WHAT IS NEEDED:
In the listing below, find the line with "同学们观察到,许多吸烟的市民" and the line with "邹雄鸠李尽香平江县不动产首次登记公告平首次公告南江字第2018005号", then return them and every line between them exactly, minus the pictures.

LISTED ENTRIES:
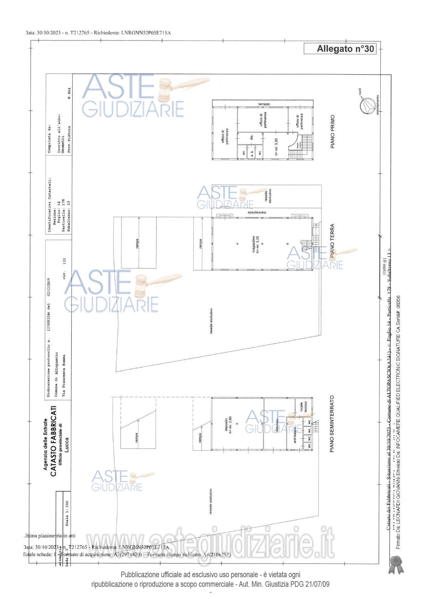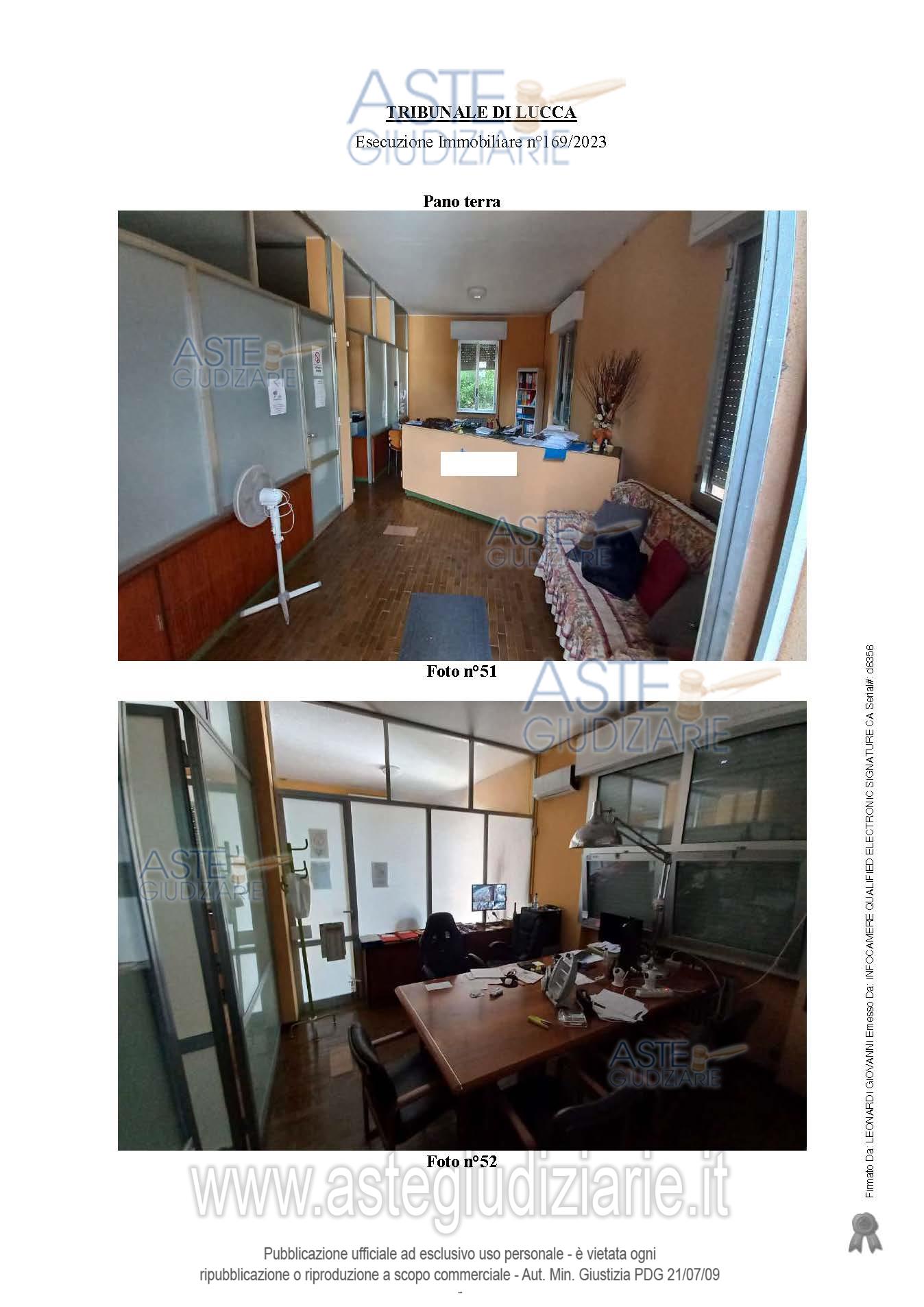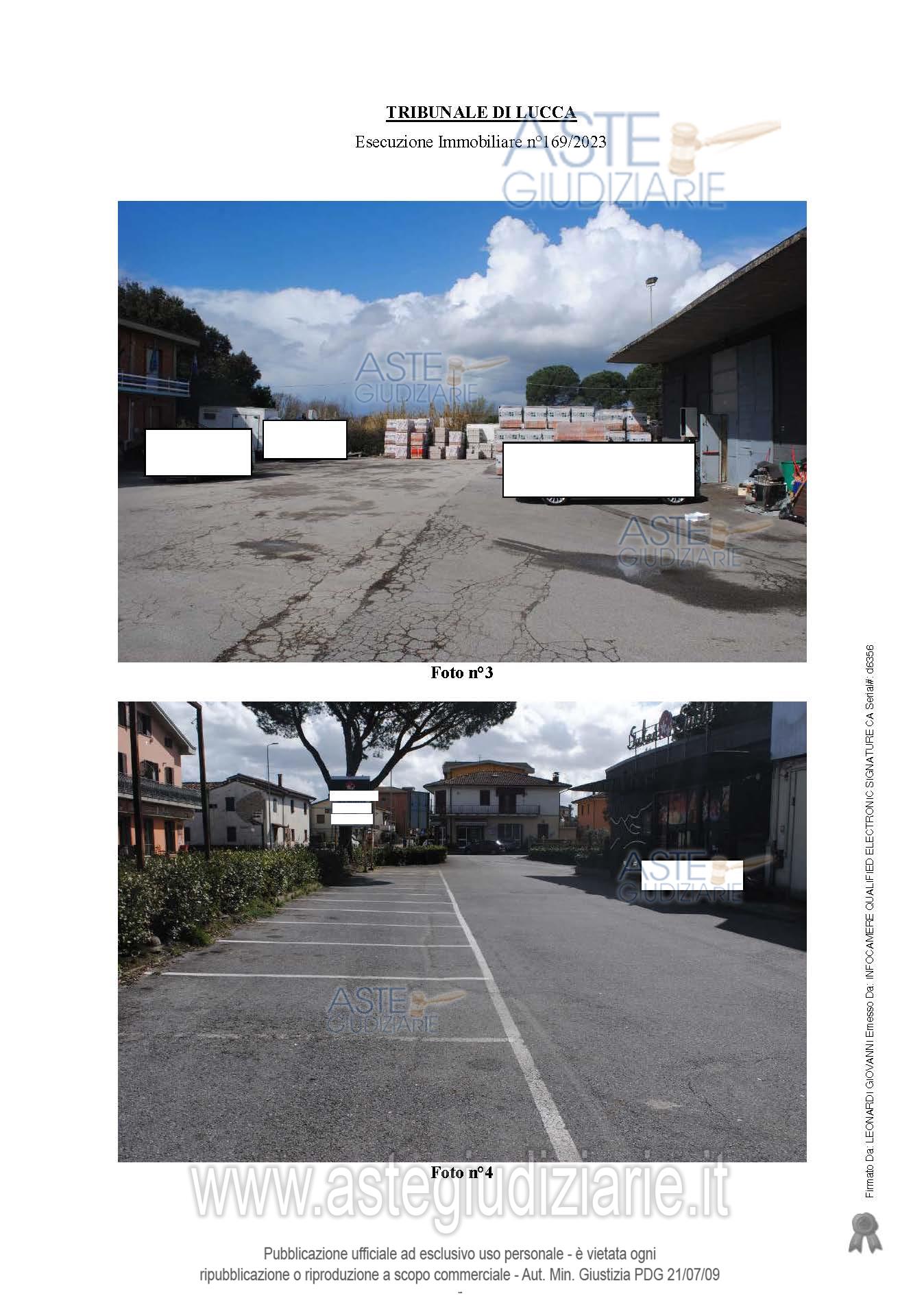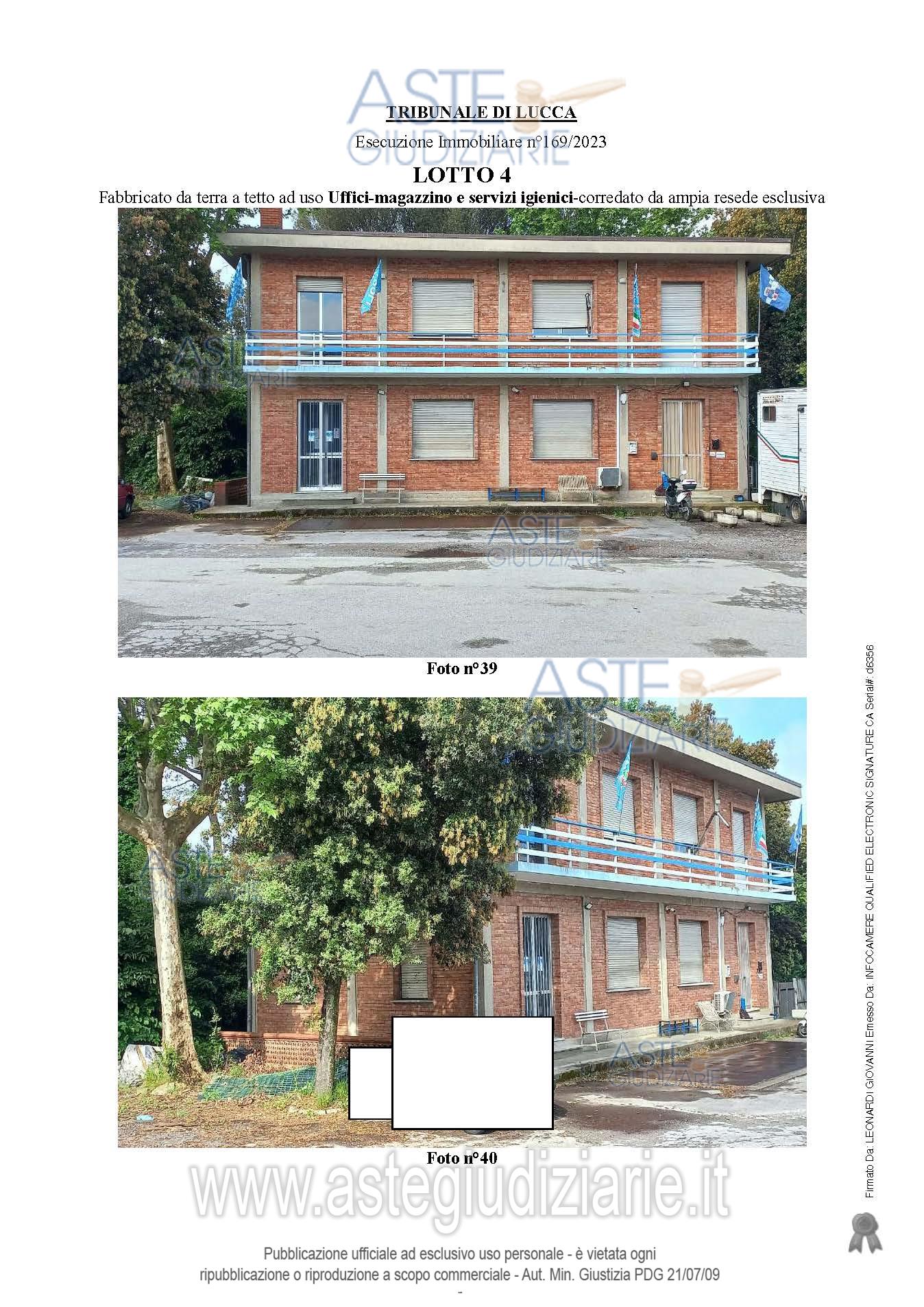 Vendita all'asta Senza incanto, con gara telematica sincrona mista - LOTTO 4: LOTTO QUATTRO La piena proprietà per la quota di 1/1 su fabbricato da terra a tetto ad uso Uffici, magazzino e servizi igienici, elevato su due piani fuori terra, oltre piano seminterrato, corredato da ampia resede esclusiva su due lati, sulla quale insistono le rampe di accesso, nonché piccola resede sul fronte principale dove è collocata la pesa a ponte con bascula interrata, oltre resede comune a servizio anche degli altri immobili che insistono sullo stesso lotto di terreno. Prezzo base € 111.594,38 (offerta minima € 83.695,79). Data vendita 20/01/2026 ore 10:00. Professionista delegato alla vendita Avv. Mario Del Bianco - Email "avv.mariodelbianco@gmail.com"; Tel. 0583490838. Custode Giudiziario Ivg Lucca - Sofir Srl - Email "custodieivg@gmail.com"; Tel. 0583418555. Rif. Tribunale di Lucca - Espropriazione immobiliare (cartabia) n. 169/2023
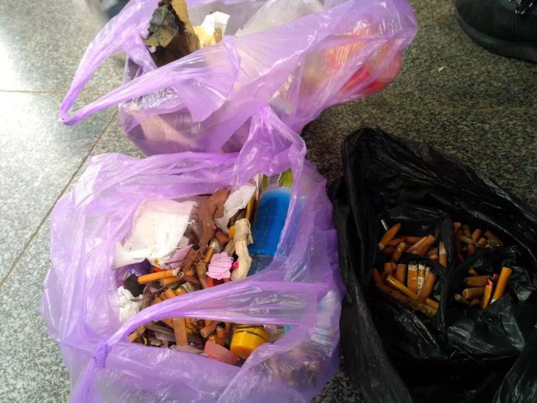 同学们观察到,许多吸烟的市民在看到同学们蹲下捡烟头时,会比较自觉的将烟头扔在正确的地方。尽管有相关工作人员进行垃圾清理,同学们仍收集了两大包垃圾和一大袋子烟头,大家纷纷表示体会到了清洁人员的不易与艰辛,更加理解了不乱丢垃圾的重要性。
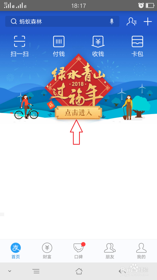 这个要先与老友商定好,你要什么福,他要什么福,且两边都有的环境下才能换,要不就只能送,打开付出宝,进入到首页,如图
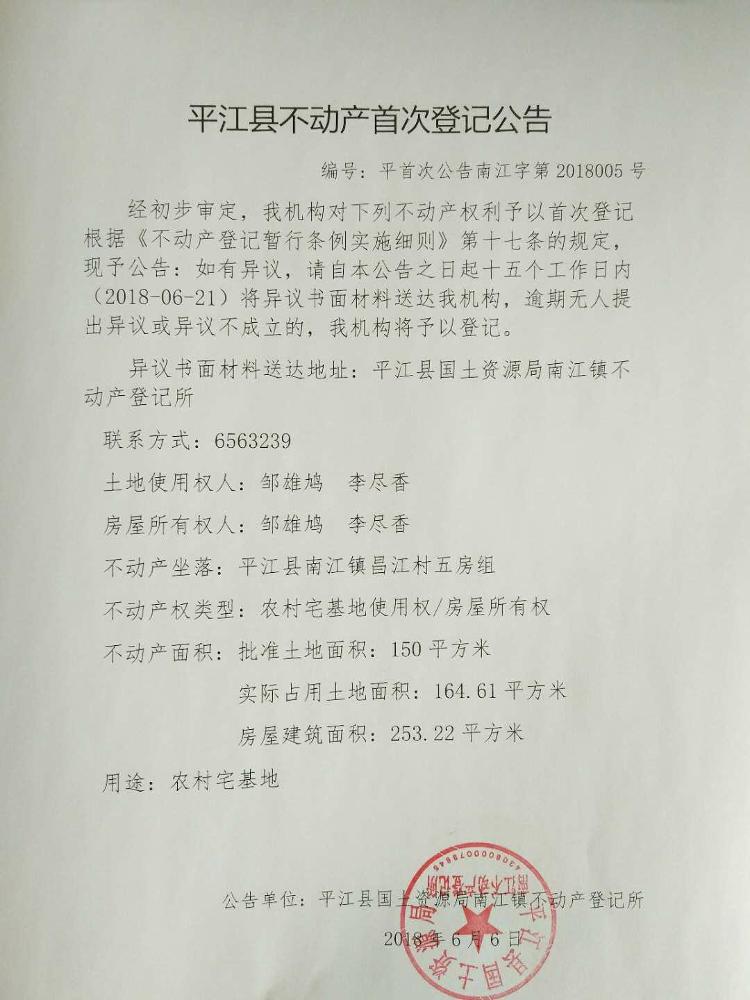 邹雄鸠李尽香平江县不动产首次登记公告平首次公告南江字第2018005号
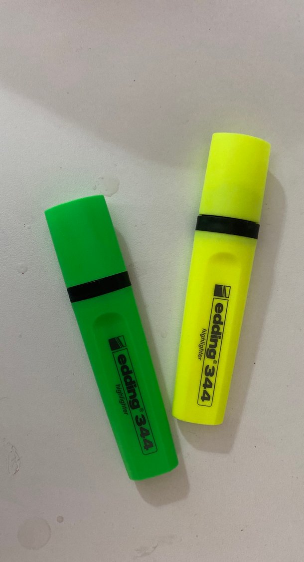 Edding 344 fosforlu kalem seti, sarı ve yeşil canlı renklerde, önemli metinleri vurgulamak için uygundur. ✏️ Hiç kullanılmadı. Set halinde satıyorum. Tekli alım için mesaj atabilirsiniz.

COMPLETED EXERCISE:
 同学们观察到,许多吸烟的市民在看到同学们蹲下捡烟头时,会比较自觉的将烟头扔在正确的地方。尽管有相关工作人员进行垃圾清理,同学们仍收集了两大包垃圾和一大袋子烟头,大家纷纷表示体会到了清洁人员的不易与艰辛,更加理解了不乱丢垃圾的重要性。
 这个要先与老友商定好,你要什么福,他要什么福,且两边都有的环境下才能换,要不就只能送,打开付出宝,进入到首页,如图
 邹雄鸠李尽香平江县不动产首次登记公告平首次公告南江字第2018005号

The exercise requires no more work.